> Material to process
+ + + +
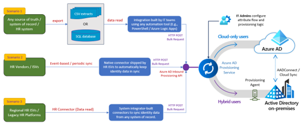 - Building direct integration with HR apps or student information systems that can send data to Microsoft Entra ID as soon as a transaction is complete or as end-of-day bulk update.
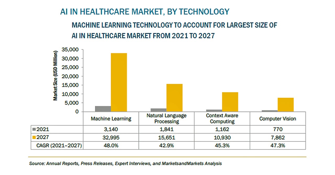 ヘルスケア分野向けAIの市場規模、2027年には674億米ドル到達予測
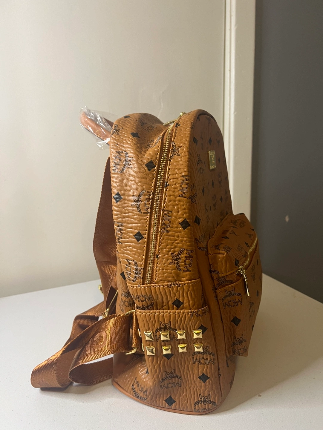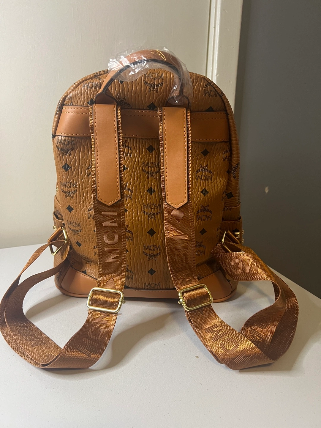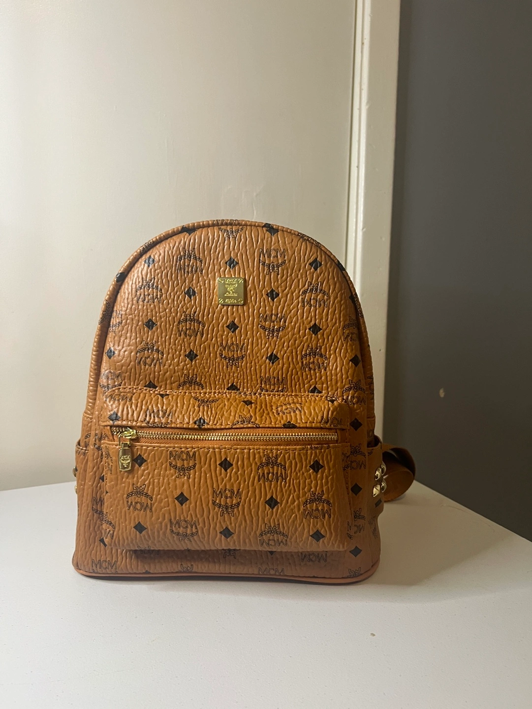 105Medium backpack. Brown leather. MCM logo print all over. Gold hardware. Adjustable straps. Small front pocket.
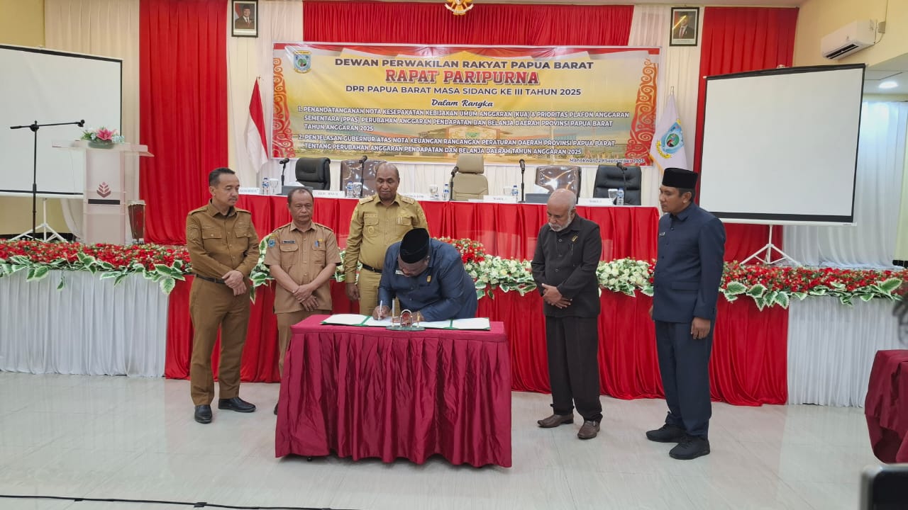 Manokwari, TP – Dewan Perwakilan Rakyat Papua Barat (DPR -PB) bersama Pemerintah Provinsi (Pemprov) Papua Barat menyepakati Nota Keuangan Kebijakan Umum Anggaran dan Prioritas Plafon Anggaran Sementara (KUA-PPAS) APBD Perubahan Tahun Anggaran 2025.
+ + + +
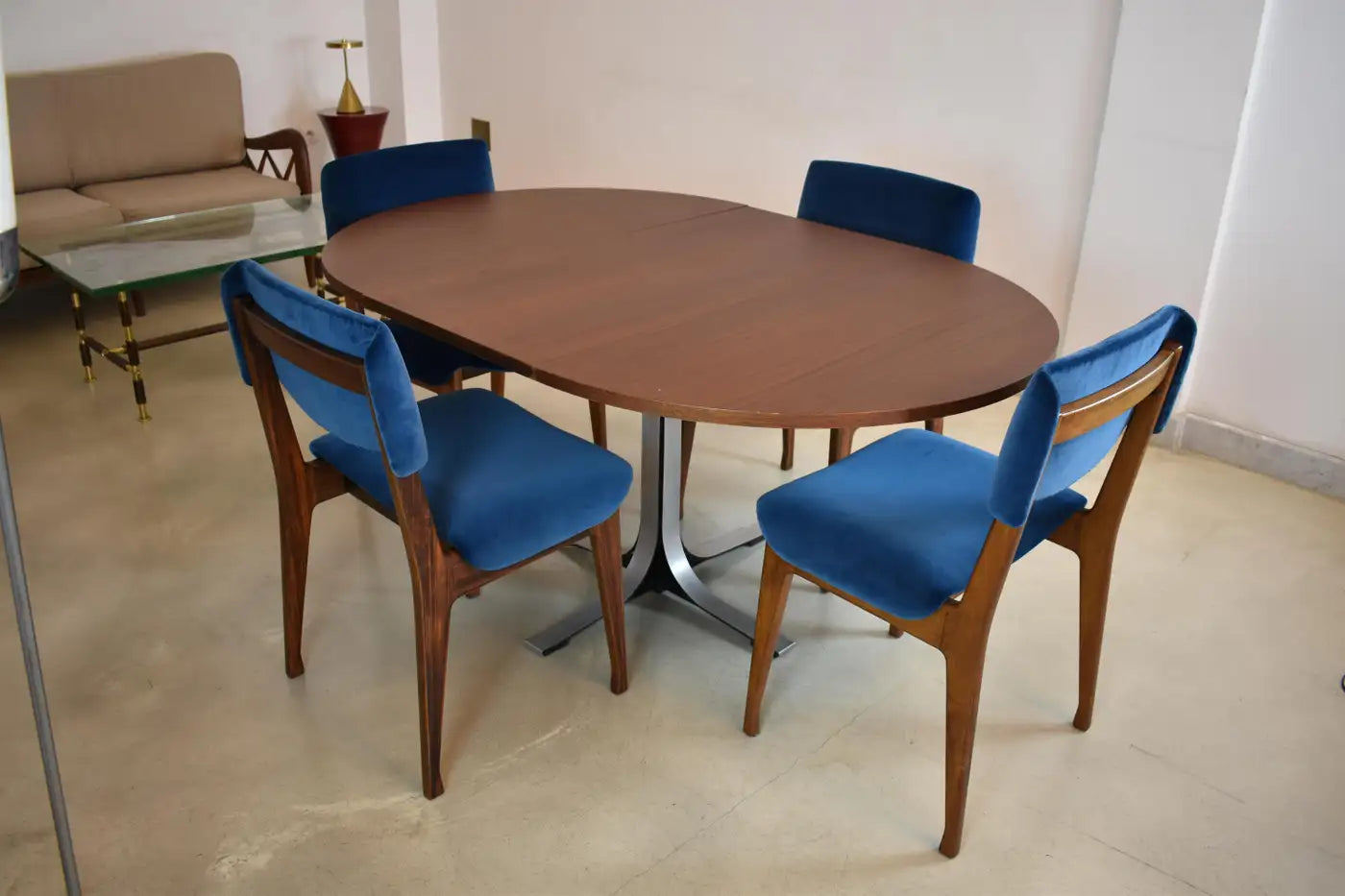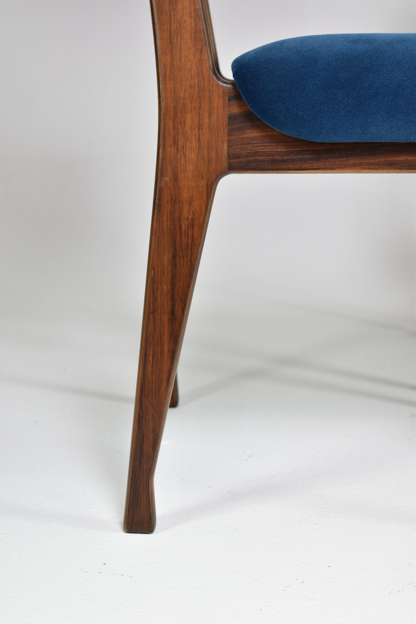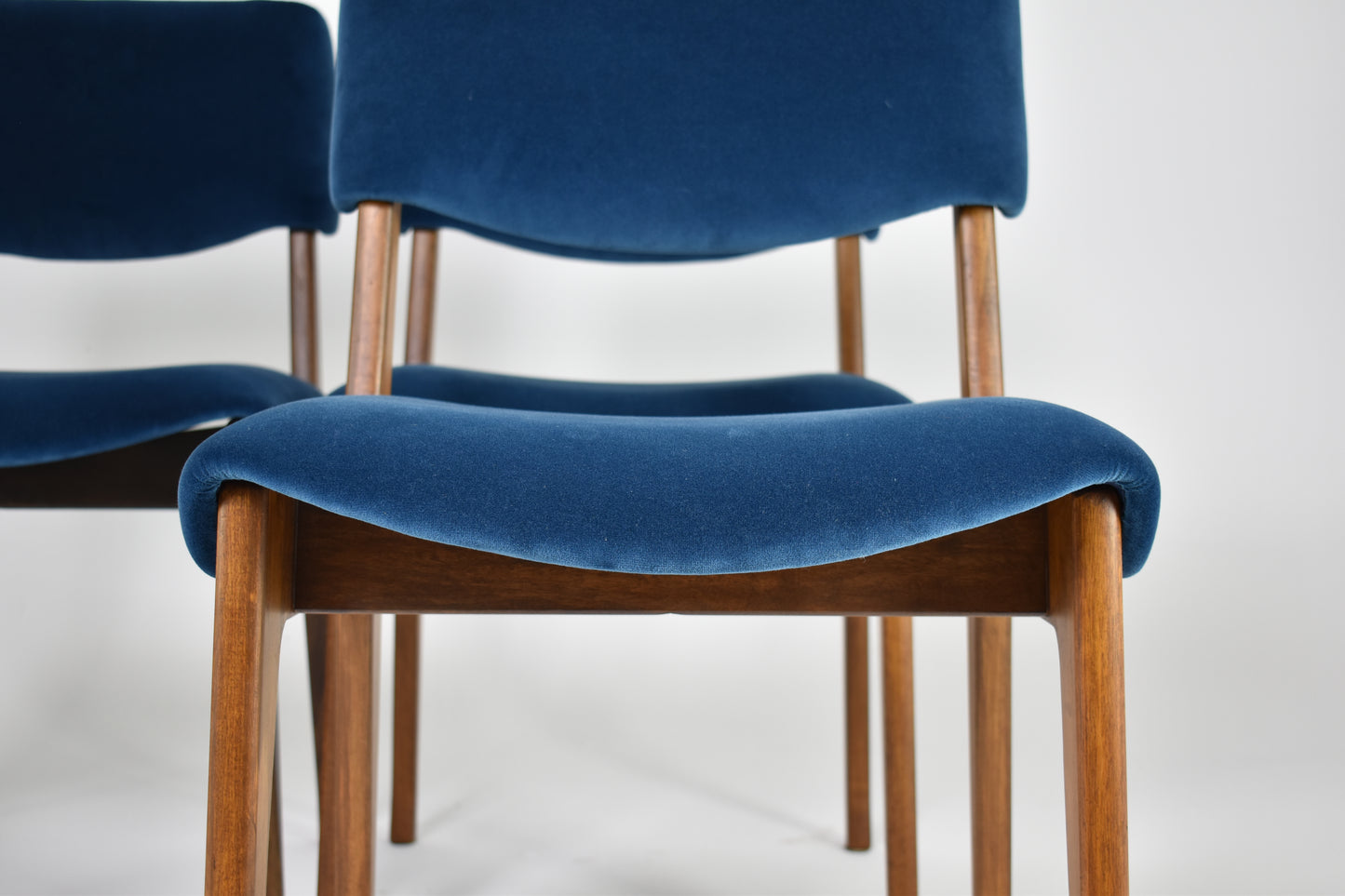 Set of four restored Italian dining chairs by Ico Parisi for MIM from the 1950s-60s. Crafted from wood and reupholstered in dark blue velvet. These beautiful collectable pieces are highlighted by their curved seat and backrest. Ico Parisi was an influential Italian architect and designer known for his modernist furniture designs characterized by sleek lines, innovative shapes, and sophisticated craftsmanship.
+ + + +
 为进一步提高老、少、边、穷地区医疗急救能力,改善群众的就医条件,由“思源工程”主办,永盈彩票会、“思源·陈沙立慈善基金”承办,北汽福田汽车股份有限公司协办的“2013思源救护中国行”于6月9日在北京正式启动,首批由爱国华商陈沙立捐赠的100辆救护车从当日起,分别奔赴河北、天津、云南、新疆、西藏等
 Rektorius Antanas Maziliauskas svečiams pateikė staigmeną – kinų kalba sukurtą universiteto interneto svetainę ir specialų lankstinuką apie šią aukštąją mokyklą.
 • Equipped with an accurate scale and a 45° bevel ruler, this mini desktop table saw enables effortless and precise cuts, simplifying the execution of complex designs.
+ + + +
> Exercise
In the entries above, find the line with "为进一步提高老、少、边、穷地" and the line with "of complex designs.", then set down exactly those two and every line between them, nothing else.

> Solution to the exercise
 为进一步提高老、少、边、穷地区医疗急救能力,改善群众的就医条件,由“思源工程”主办,永盈彩票会、“思源·陈沙立慈善基金”承办,北汽福田汽车股份有限公司协办的“2013思源救护中国行”于6月9日在北京正式启动,首批由爱国华商陈沙立捐赠的100辆救护车从当日起,分别奔赴河北、天津、云南、新疆、西藏等
 Rektorius Antanas Maziliauskas svečiams pateikė staigmeną – kinų kalba sukurtą universiteto interneto svetainę ir specialų lankstinuką apie šią aukštąją mokyklą.
 • Equipped with an accurate scale and a 45° bevel ruler, this mini desktop table saw enables effortless and precise cuts, simplifying the execution of complex designs.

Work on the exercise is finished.